The records Block Start
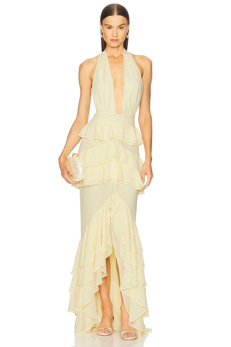 Soft matte beige chiffon cascades in tiered ruffles across a slim column silhouette, creating a stunning maxi gown. The plunging neckline and halterneck tie closure add an elegant, open-back detail, while the concealed zipper ensures a sleek fit. Perfectly suited for formal occasions, galas, and cocktail parties, this gown blends sophistication and flair with its dramatic ruffled hem and layered tiers. Crafted from heavyweight polyester chiffon, it offers both structure and fluidity for a captivating evening look.
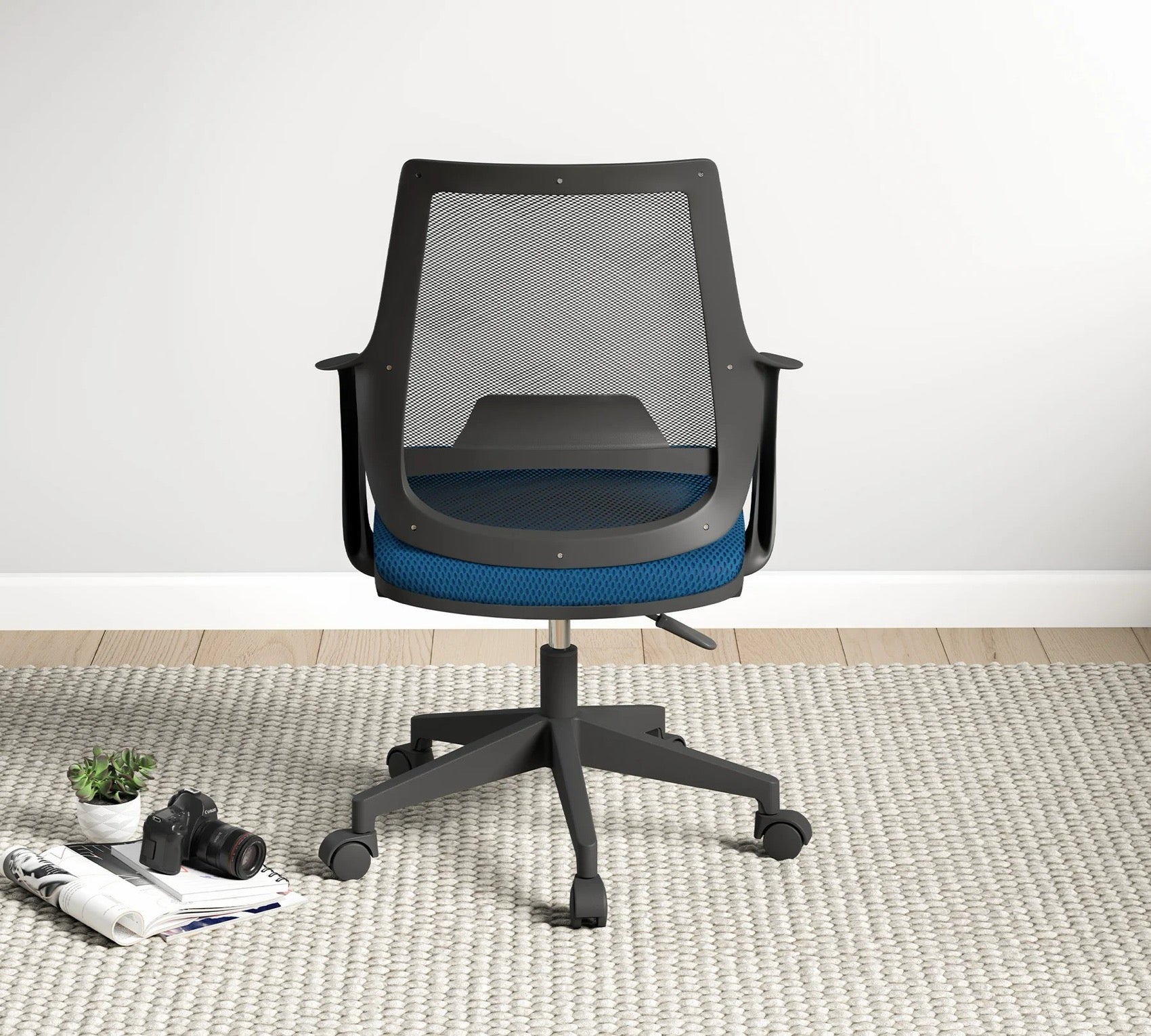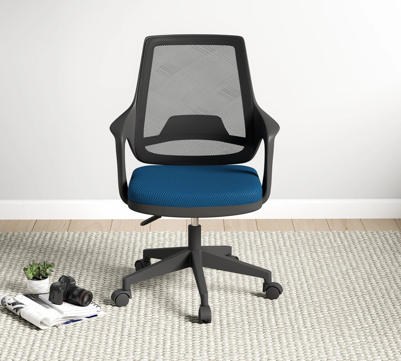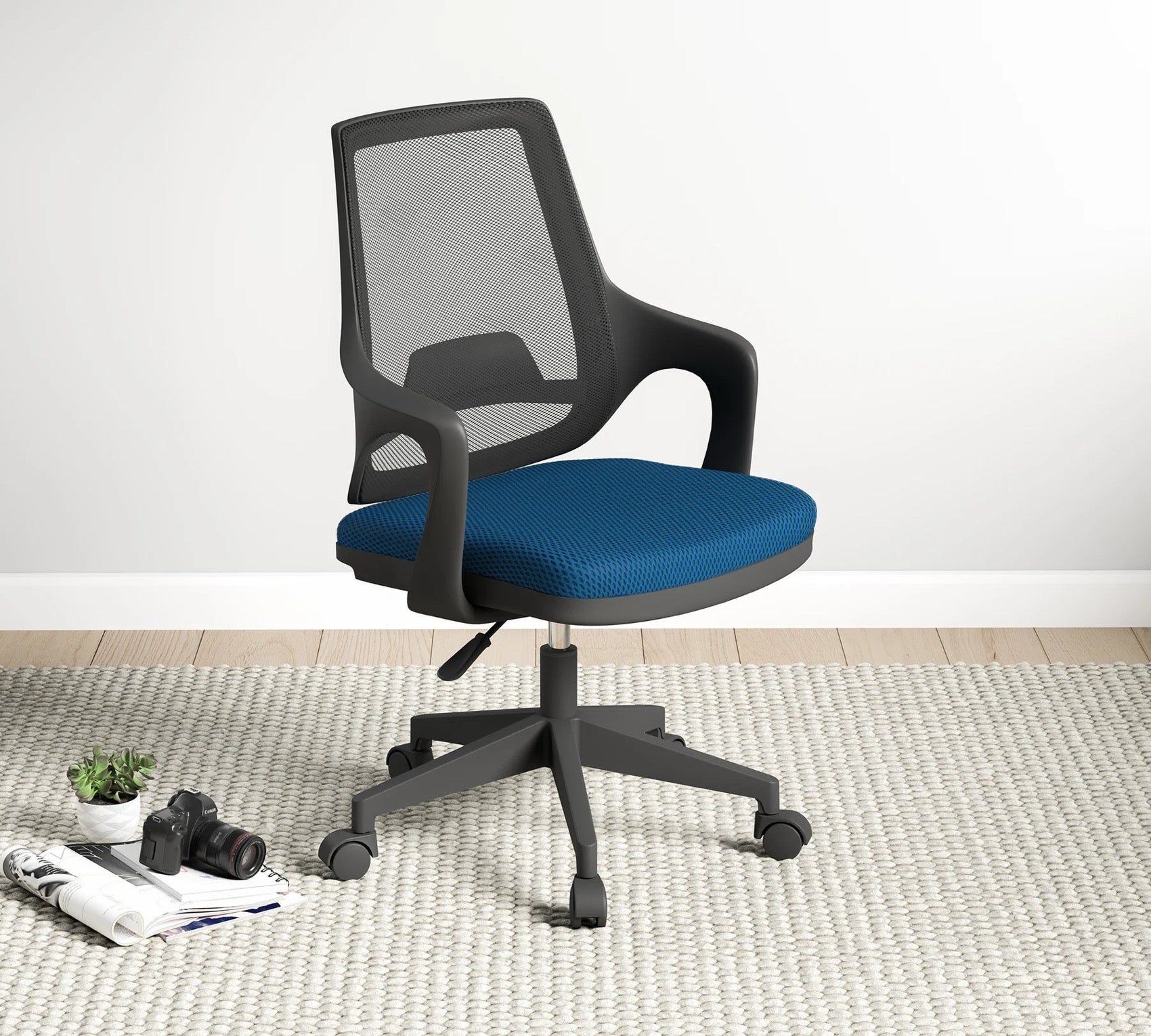 Stolička FLEX v elegantnej čiernej a modrej farbe je ideálnym doplnkom do každého študentského alebo pracovného priestoru. Je navrhnutá s dôrazom na potreby detí a mládeže - je ergonomická a vďaka kvalitnému polstrovaniu a priedušnej sieťovine zabezpečuje komfort počas dlhodobého sedenia. Mobilita je zabezpečená kolieskami, čo umožňuje jednoduché presúvanie po miestnosti bez námahy. Výška stoličky sa dá jednoducho nastaviť podľa individuálnych potrieb používateľa, čo zaručuje prispôsobenie sa rôznym pracovným podmienkam.
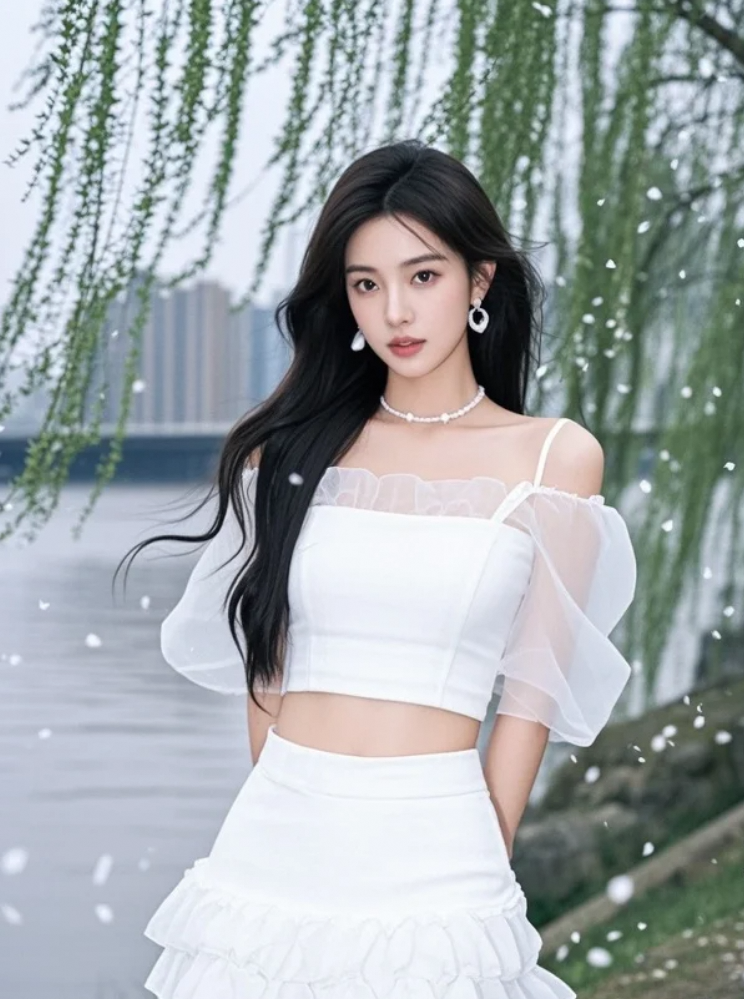 江风撩起她的裙角,柳絮轻吻她的发梢,春意正浓。
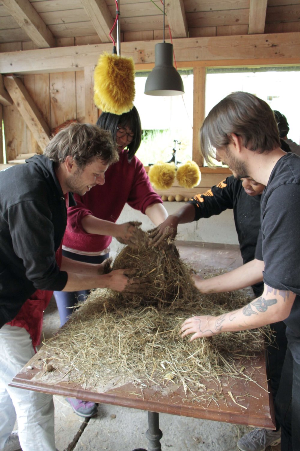 We can never know what we will find – when we dig a hole... Earth is a filter, an archive, provides livelihoods, and is an arena for interspecies exchange. Interdependencies, or mutual dependencies, are intrinsic to the earth. Thus Performing Soil is dedicated to those moments of tension in this terrain that arise apart from conventional scientific methods. They assume that projects can be scaled, i.e. that they can function on a small scale as well as on a large one, but they disregard the fact that the actors can change through encounters. The idea to Performing Soil comes from the artists Silke kleine Kalvelage, Jan Georg Glöckner and the curator/cultural mediator Marcel Hörler. Over a period of three months, surrounded by a nature preserve, they collaborated with dancers, artists, craftspeople, and scientists Lisa Lee Benjamin, Marisa Mayer, Xaver Ammann, Kay Zhang, Brigham Baker, New Kyd, Reut Nahum, and Rosa Violetta Zettl to shape a massive globe. The globe was - in the context of the first exhibition at Kunstraum parat - auctioned off and together with three radio shows, the photo documentation and other small-format soil exhibits presented between 9th to 18th of December 2021 to the public.
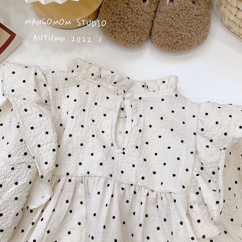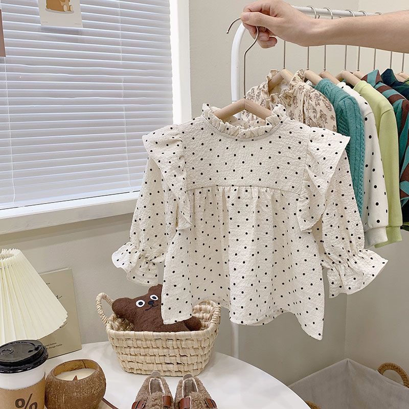 봄과 가을 소녀 티셔츠 셔츠 아기의 서양식 어린이 성격 유행 브랜드 달콤한 웨이브 도트 레이스 플라잉 슬리브 베이스 셔츠스토어 가기
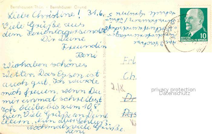 72638355 alte Postkarte Benshausen Benshaeuser Grund postalisch gelaufen Erhaltung siehe scans [KathaD79] KatCode: 11110016066006
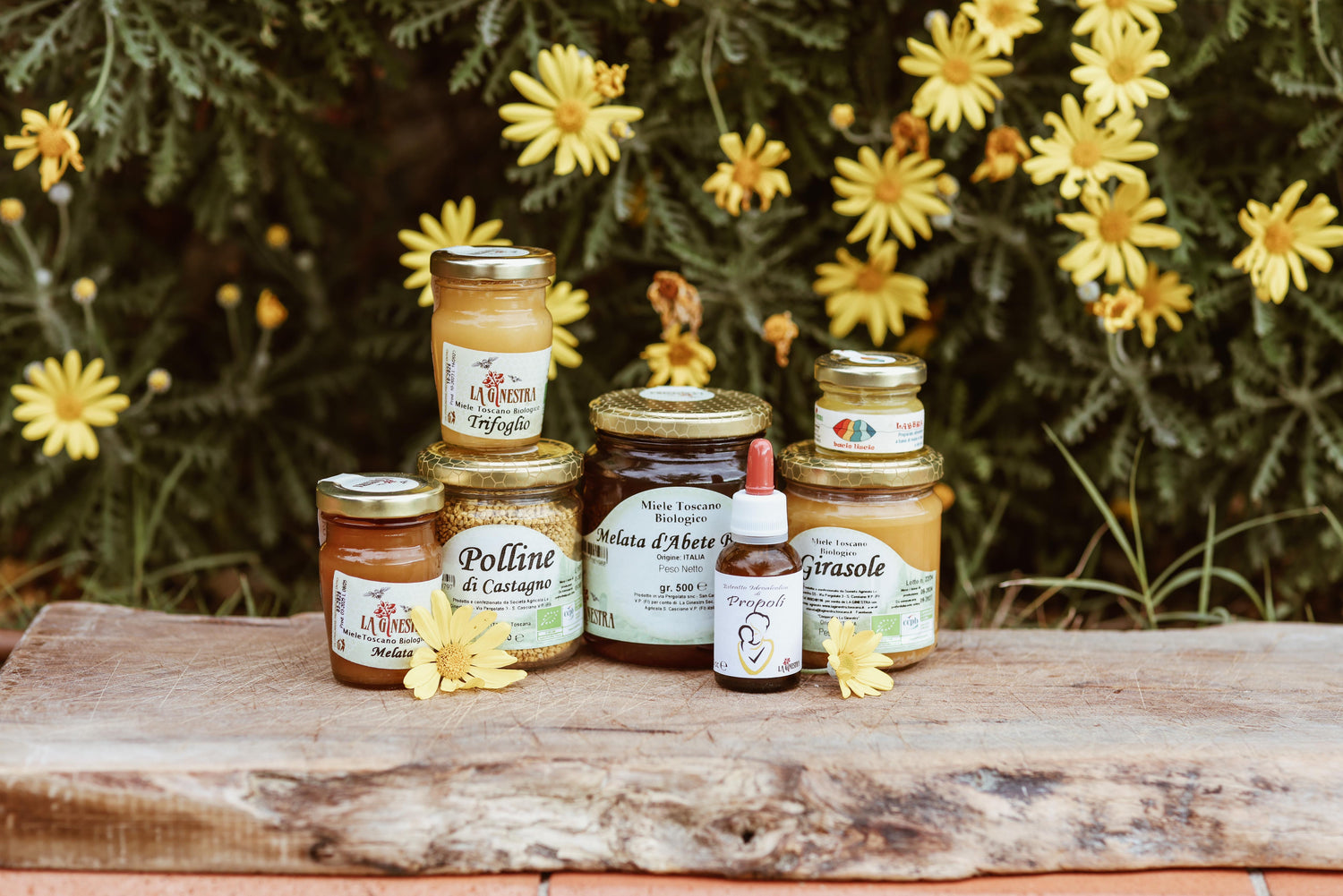 At La Ginestra, we raise and protect around 700 beehives of Apis Mellifera Ligustica bee's. Using an organic method which respects the natural rhythm and needs of this wonderful insect, we see them thrive. We practice nomadism in Tuscany to allow our bees to find uncontaminated areas and abundant blooms. This means that each season we can produce a variety of honey's from various wildflowers including ,acacia, chestnut, sulla, clover, sunflower, lavender, honeydew and coriander. At La Ginestra we breed our own queen bee's! Additionally we produce organic pollen, propolis and wax. Our vision focuses on the preservation and health of the hives.
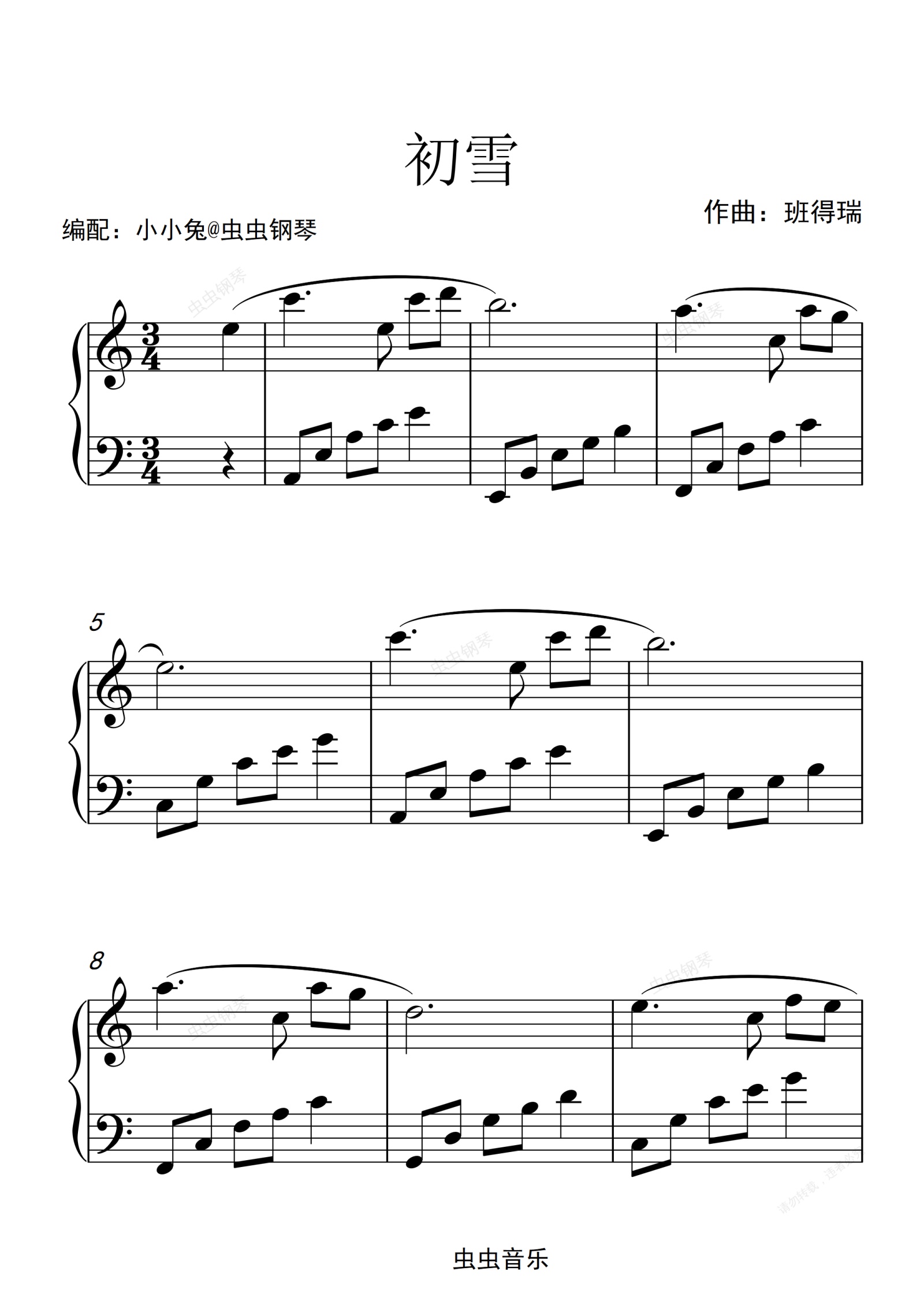 钢琴谱:初雪 完整 C调简易 班得瑞
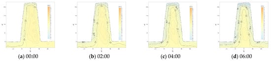 As can be seen from Figure 10, the sunshine was brightest from 00:00 on 16 June to 00:00 on 17 June 2017. Starting from 00:00, data were collected every 4 h to complete the isotherm chart, as shown in Figure 11.
The records Block End
The problem:
Repeat each record verbatim, pictures excluded.

Answer area:
 Soft matte beige chiffon cascades in tiered ruffles across a slim column silhouette, creating a stunning maxi gown. The plunging neckline and halterneck tie closure add an elegant, open-back detail, while the concealed zipper ensures a sleek fit. Perfectly suited for formal occasions, galas, and cocktail parties, this gown blends sophistication and flair with its dramatic ruffled hem and layered tiers. Crafted from heavyweight polyester chiffon, it offers both structure and fluidity for a captivating evening look.
 Stolička FLEX v elegantnej čiernej a modrej farbe je ideálnym doplnkom do každého študentského alebo pracovného priestoru. Je navrhnutá s dôrazom na potreby detí a mládeže - je ergonomická a vďaka kvalitnému polstrovaniu a priedušnej sieťovine zabezpečuje komfort počas dlhodobého sedenia. Mobilita je zabezpečená kolieskami, čo umožňuje jednoduché presúvanie po miestnosti bez námahy. Výška stoličky sa dá jednoducho nastaviť podľa individuálnych potrieb používateľa, čo zaručuje prispôsobenie sa rôznym pracovným podmienkam.
 江风撩起她的裙角,柳絮轻吻她的发梢,春意正浓。
 We can never know what we will find – when we dig a hole... Earth is a filter, an archive, provides livelihoods, and is an arena for interspecies exchange. Interdependencies, or mutual dependencies, are intrinsic to the earth. Thus Performing Soil is dedicated to those moments of tension in this terrain that arise apart from conventional scientific methods. They assume that projects can be scaled, i.e. that they can function on a small scale as well as on a large one, but they disregard the fact that the actors can change through encounters. The idea to Performing Soil comes from the artists Silke kleine Kalvelage, Jan Georg Glöckner and the curator/cultural mediator Marcel Hörler. Over a period of three months, surrounded by a nature preserve, they collaborated with dancers, artists, craftspeople, and scientists Lisa Lee Benjamin, Marisa Mayer, Xaver Ammann, Kay Zhang, Brigham Baker, New Kyd, Reut Nahum, and Rosa Violetta Zettl to shape a massive globe. The globe was - in the context of the first exhibition at Kunstraum parat - auctioned off and together with three radio shows, the photo documentation and other small-format soil exhibits presented between 9th to 18th of December 2021 to the public.
 봄과 가을 소녀 티셔츠 셔츠 아기의 서양식 어린이 성격 유행 브랜드 달콤한 웨이브 도트 레이스 플라잉 슬리브 베이스 셔츠스토어 가기
 72638355 alte Postkarte Benshausen Benshaeuser Grund postalisch gelaufen Erhaltung siehe scans [KathaD79] KatCode: 11110016066006
 At La Ginestra, we raise and protect around 700 beehives of Apis Mellifera Ligustica bee's. Using an organic method which respects the natural rhythm and needs of this wonderful insect, we see them thrive. We practice nomadism in Tuscany to allow our bees to find uncontaminated areas and abundant blooms. This means that each season we can produce a variety of honey's from various wildflowers including ,acacia, chestnut, sulla, clover, sunflower, lavender, honeydew and coriander. At La Ginestra we breed our own queen bee's! Additionally we produce organic pollen, propolis and wax. Our vision focuses on the preservation and health of the hives.
 钢琴谱:初雪 完整 C调简易 班得瑞
 As can be seen from Figure 10, the sunshine was brightest from 00:00 on 16 June to 00:00 on 17 June 2017. Starting from 00:00, data were collected every 4 h to complete the isotherm chart, as shown in Figure 11.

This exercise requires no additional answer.